То, что мистик встречает на своем пути, — это, стало быть, человечество, которое подготовлено к тому, чтобы его слушать, другими мистиками, невидимыми и присутствующими в проповедуемой религии. Притом этой религией пропитан сам его мистицизм, поскольку он с нее начал. Его теология будет, как правило, соответствовать той, которой учат теологи. Его ум и воображение будут использовать учение теологов, для того чтобы выразить в словах то, что он испытывает, и в материальных образах — то, что он видит духовно. И это будет легко ему даваться, поскольку теология уловила как раз то самое течение источник которого находится в мистике. Таким образом его мистицизм использует религию вплоть до тех пор, когда религия станет обогащаться его мистицизмом.
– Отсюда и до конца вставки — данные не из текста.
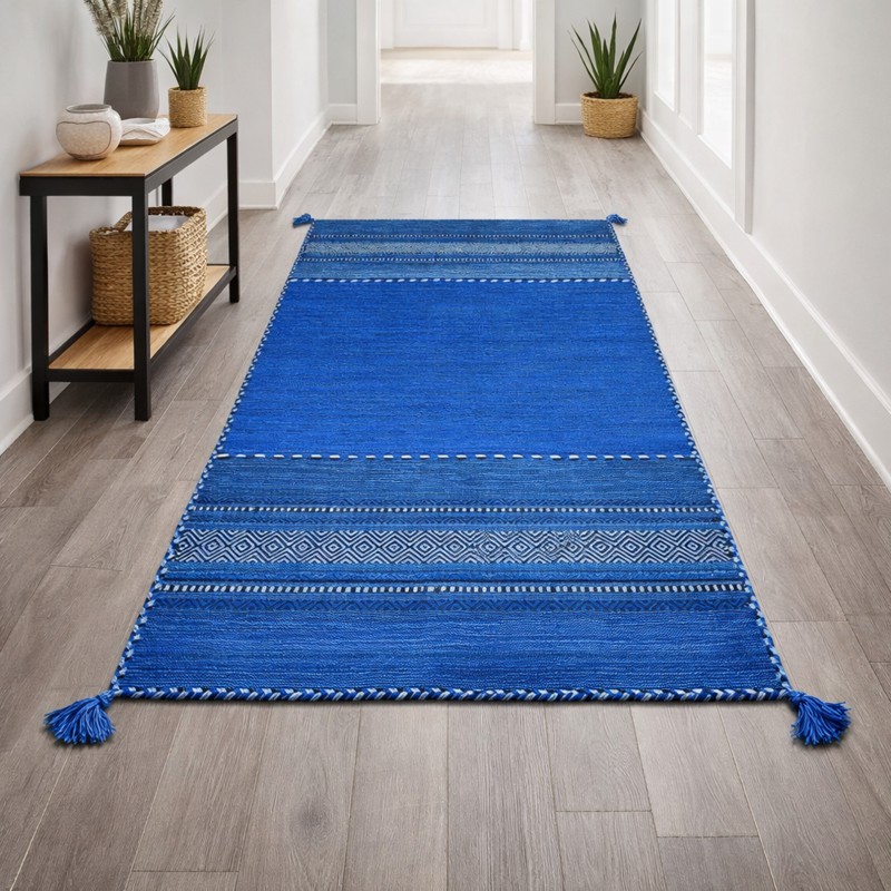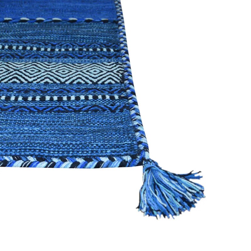 KILIM OLD - Tappeto Artigianale Annodato a mano con frange - Ciniglia & Cotone - BLU

Тем самым объясняется роль, которую он ощущает себя призванным сыграть вначале, роль усилителя религиозной веры. Он делает самое неотложное. В действительности для великих мистиков речь идет о том, чтобы радикально преобразовать человечество, начав с собственного примера. Цель может быть достигнута только в том случае, если в конце существует то, что теоретически должно было существовать вначале: божественное человечество.

Мистицизм и христианство, таким образом, бесконечно обусловливают друг друга. Необходимо, однако, чтобы было начало. И действительно, в начале христианства существует Христос. С точки зрения, которой мы придерживаемся и из которой возникает божество всех людей, несущественно, зовется Христос человеком или не зовется. Неважно даже, что он зовется Христом. Те, кто дошел до отрицания существования Иисуса, не помешают тому, чтобы Нагорная проповедь находилась в Евангелии вместе с другими божественными речами. Автору можно дать какое угодно имя, это не будет означать, что автора не было. Мы не собираемся ставить здесь подобные проблемы. Скажем просто, что если великие мистики действительно таковы, как мы их описали, то они оказываются оригинальными, но неполными подражателями и продолжателями того, чем полностью был Евангелический Христос.

Сам он может рассматриваться как последователь пророков Израиля[63]. Не вызывает сомнений, что христианство явилось глубоким преобразованием иудаизма. Много раз было сказано: религия, которая была еще по существу национальной, сменилась религией, способной стать всеобщей. Преемником Бога, который несомненно выделялся среди всех остальных как своей справедливостью, так и своим могуществом, но чье могущество осуществлялось на благо своего народа и чья справедливость касалась прежде всего его подданных, стал Бог любви, Бог, который любит все человечество. Именно поэтому мы не решаемся отнести еврейских пророков к мистикам древности: Яхве был слишком строгим судьей, между Израилем и его Богом не было достаточно близости для того, чтобы иудаизм был мистицизмом в том виде, как мы его определяем. И тем не менее ни одно течение мысли или чувства не способствовало в такой степени, как еврейский профетизм, созданию мистицизма, который мы называем полным, того, который был присущ христианским мистикам. Причина этого в том, что, если другие течения и вели некоторые души к созерцательному мистицизму и тем самым заслужили того, чтобы считаться мистическими, они завершались чистым созерцанием. Чтобы преодолеть расстояние, разделявшее мысль и действие, необходим был порыв, которого недоставало. Мы находим этот порыв у пророков: они страстно стремились к справедливости, они требовали ее именем Бога Израиля; и христианство, которое явилось продолжением иудаизма, в значительной мере обязано еврейским пророкам тем, что обладает мистицизмом действующим, способным идти на завоевание мира.